» **Data records**:

....................

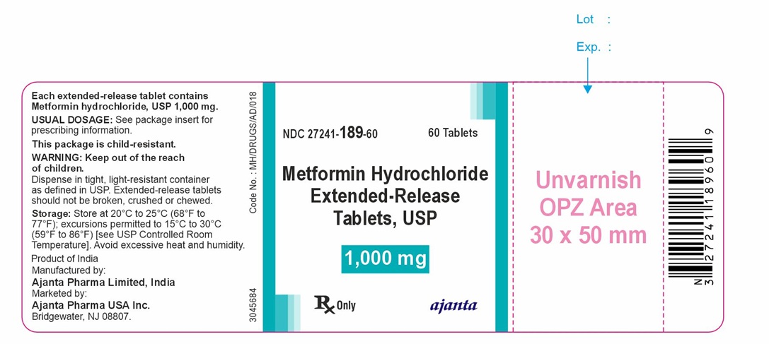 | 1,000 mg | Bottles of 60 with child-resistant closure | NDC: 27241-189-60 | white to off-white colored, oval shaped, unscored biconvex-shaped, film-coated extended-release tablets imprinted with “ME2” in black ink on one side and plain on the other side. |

....................

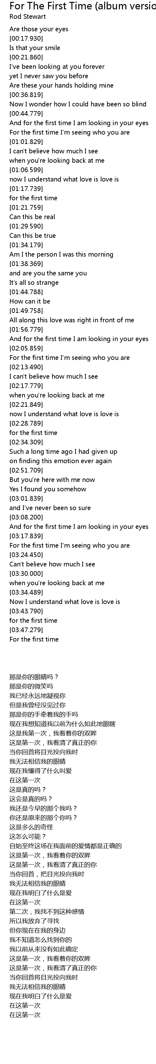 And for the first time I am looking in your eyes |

....................

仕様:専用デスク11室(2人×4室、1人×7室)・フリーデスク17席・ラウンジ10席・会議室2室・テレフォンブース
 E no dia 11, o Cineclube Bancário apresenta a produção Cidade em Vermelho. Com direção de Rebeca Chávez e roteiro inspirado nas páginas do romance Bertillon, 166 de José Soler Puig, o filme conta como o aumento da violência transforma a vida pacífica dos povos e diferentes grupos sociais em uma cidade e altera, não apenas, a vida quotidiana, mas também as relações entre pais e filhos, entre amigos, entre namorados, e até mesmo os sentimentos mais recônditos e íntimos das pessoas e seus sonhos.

....................

» **Work to complete**: Reproduce the lines above, beginning at the line with "仕様:専用デスク11室(2人" and stopping after the line with "E no dia 11, o", exactly as they are.

» **Exercise output**:
仕様:専用デスク11室(2人×4室、1人×7室)・フリーデスク17席・ラウンジ10席・会議室2室・テレフォンブース
 E no dia 11, o Cineclube Bancário apresenta a produção Cidade em Vermelho. Com direção de Rebeca Chávez e roteiro inspirado nas páginas do romance Bertillon, 166 de José Soler Puig, o filme conta como o aumento da violência transforma a vida pacífica dos povos e diferentes grupos sociais em uma cidade e altera, não apenas, a vida quotidiana, mas também as relações entre pais e filhos, entre amigos, entre namorados, e até mesmo os sentimentos mais recônditos e íntimos das pessoas e seus sonhos.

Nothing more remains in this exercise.